Give back exactly the stretch of data below from the line holding "Esta es la mejor, haciéndose" through the line holding "夏の薄い中国風の大きいサイズ", both ends included, and leave the remaining lines out.

Recorded information:
^^^^

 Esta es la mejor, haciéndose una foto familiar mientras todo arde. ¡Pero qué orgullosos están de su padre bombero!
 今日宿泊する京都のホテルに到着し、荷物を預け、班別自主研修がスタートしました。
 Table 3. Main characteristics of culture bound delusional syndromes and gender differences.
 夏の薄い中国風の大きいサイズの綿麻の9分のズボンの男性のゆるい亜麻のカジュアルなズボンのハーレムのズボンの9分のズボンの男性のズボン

^^^^

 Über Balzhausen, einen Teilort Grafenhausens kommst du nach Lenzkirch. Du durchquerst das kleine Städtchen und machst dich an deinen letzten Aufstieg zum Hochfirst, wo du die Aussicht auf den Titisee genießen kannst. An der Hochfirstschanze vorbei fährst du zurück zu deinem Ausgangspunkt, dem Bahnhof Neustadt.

^^^^

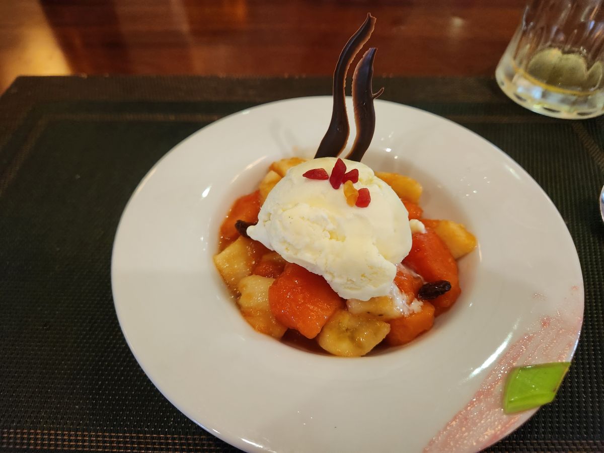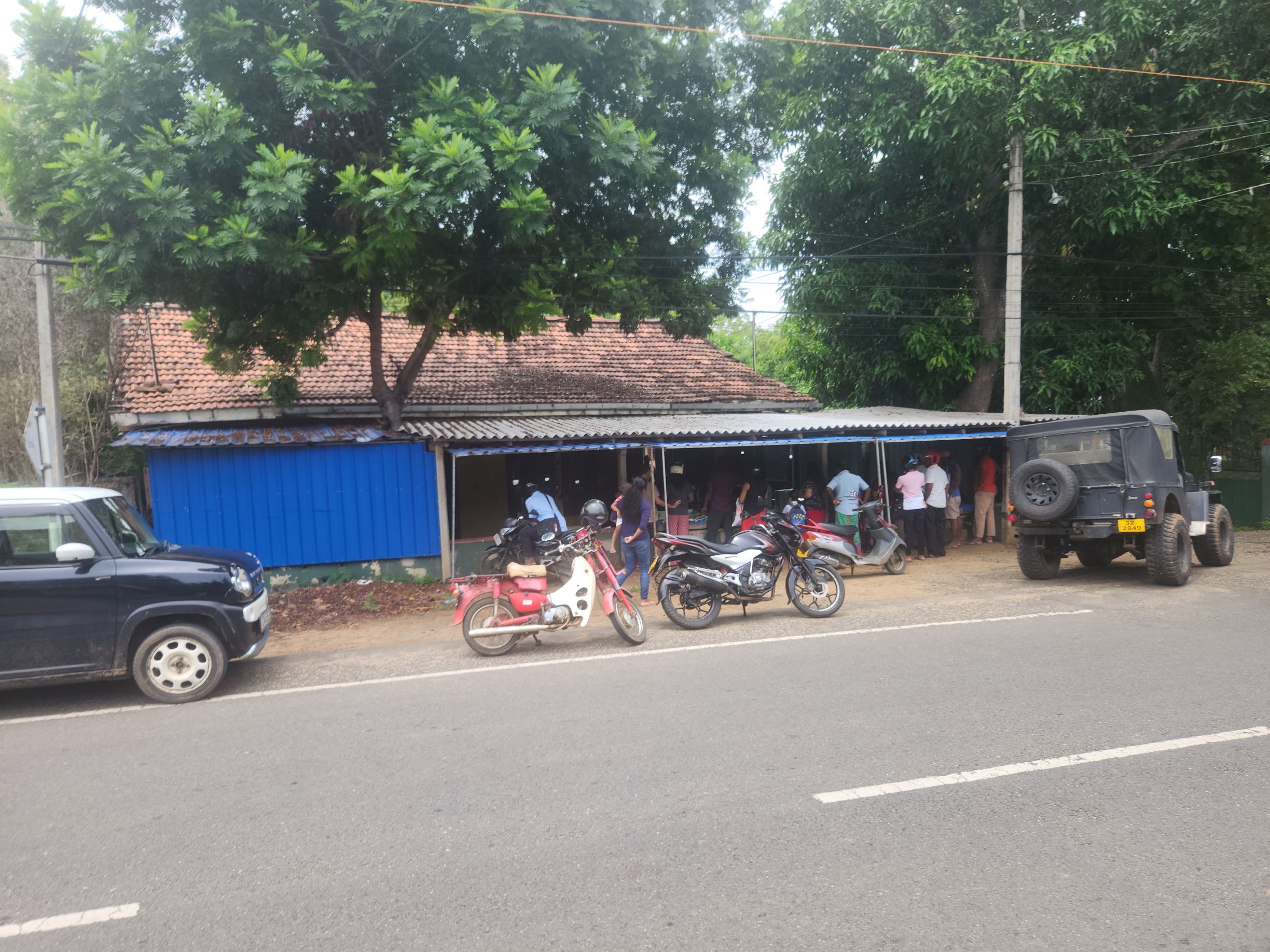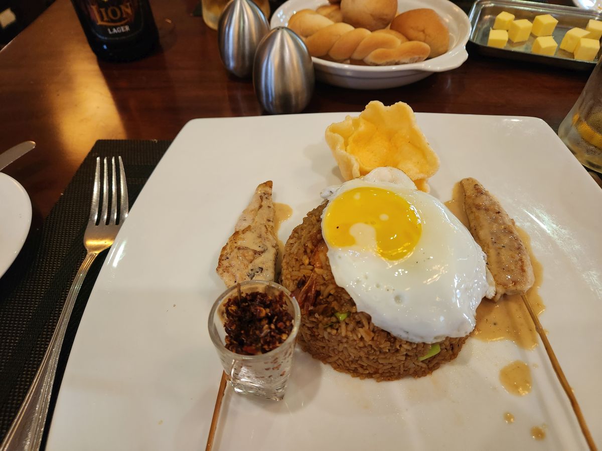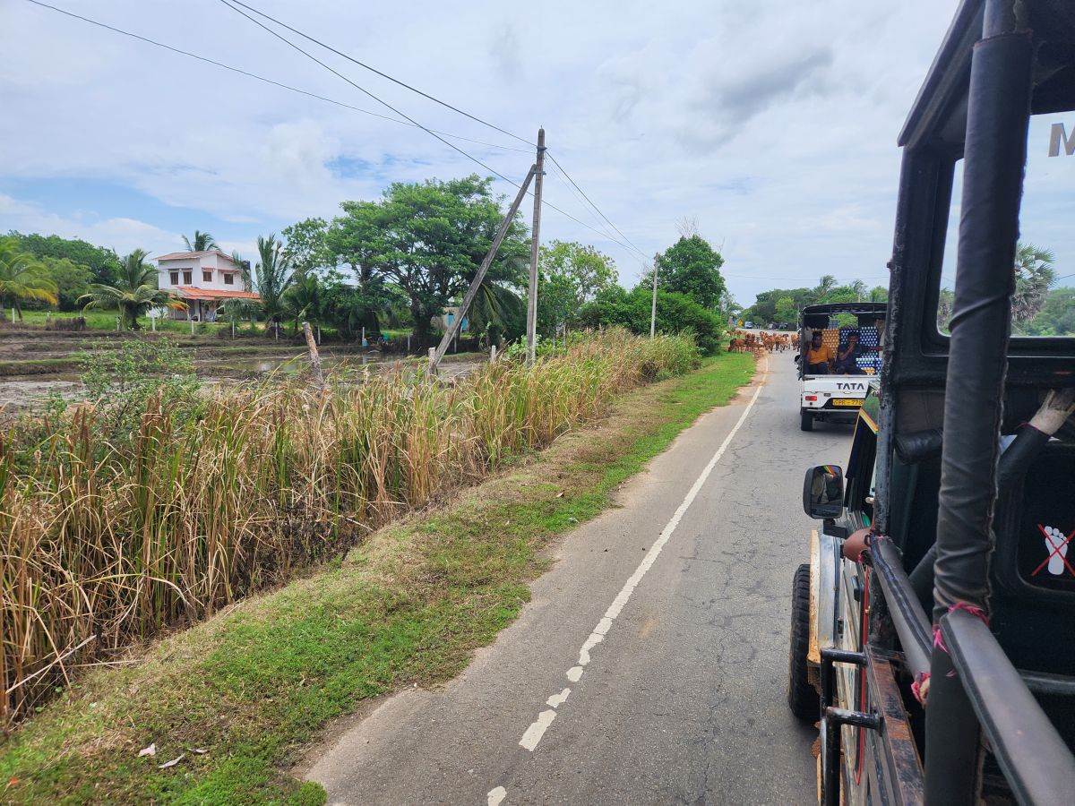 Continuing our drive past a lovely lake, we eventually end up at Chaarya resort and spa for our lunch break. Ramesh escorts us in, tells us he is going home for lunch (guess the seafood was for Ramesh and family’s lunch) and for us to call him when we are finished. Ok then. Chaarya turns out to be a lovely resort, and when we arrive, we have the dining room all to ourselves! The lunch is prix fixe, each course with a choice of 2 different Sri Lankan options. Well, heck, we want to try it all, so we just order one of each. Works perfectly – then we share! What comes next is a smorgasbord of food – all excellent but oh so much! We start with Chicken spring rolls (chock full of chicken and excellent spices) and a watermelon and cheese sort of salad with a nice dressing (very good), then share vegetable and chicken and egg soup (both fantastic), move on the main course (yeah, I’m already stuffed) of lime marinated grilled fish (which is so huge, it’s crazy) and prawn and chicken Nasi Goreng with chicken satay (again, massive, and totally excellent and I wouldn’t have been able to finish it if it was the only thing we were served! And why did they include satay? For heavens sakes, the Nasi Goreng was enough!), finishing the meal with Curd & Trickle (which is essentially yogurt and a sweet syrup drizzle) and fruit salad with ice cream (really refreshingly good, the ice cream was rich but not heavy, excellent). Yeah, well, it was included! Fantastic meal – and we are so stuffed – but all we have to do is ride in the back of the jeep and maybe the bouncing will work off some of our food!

^^^^

Result of the exercise:
 Esta es la mejor, haciéndose una foto familiar mientras todo arde. ¡Pero qué orgullosos están de su padre bombero!
 今日宿泊する京都のホテルに到着し、荷物を預け、班別自主研修がスタートしました。
 Table 3. Main characteristics of culture bound delusional syndromes and gender differences.
 夏の薄い中国風の大きいサイズの綿麻の9分のズボンの男性のゆるい亜麻のカジュアルなズボンのハーレムのズボンの9分のズボンの男性のズボン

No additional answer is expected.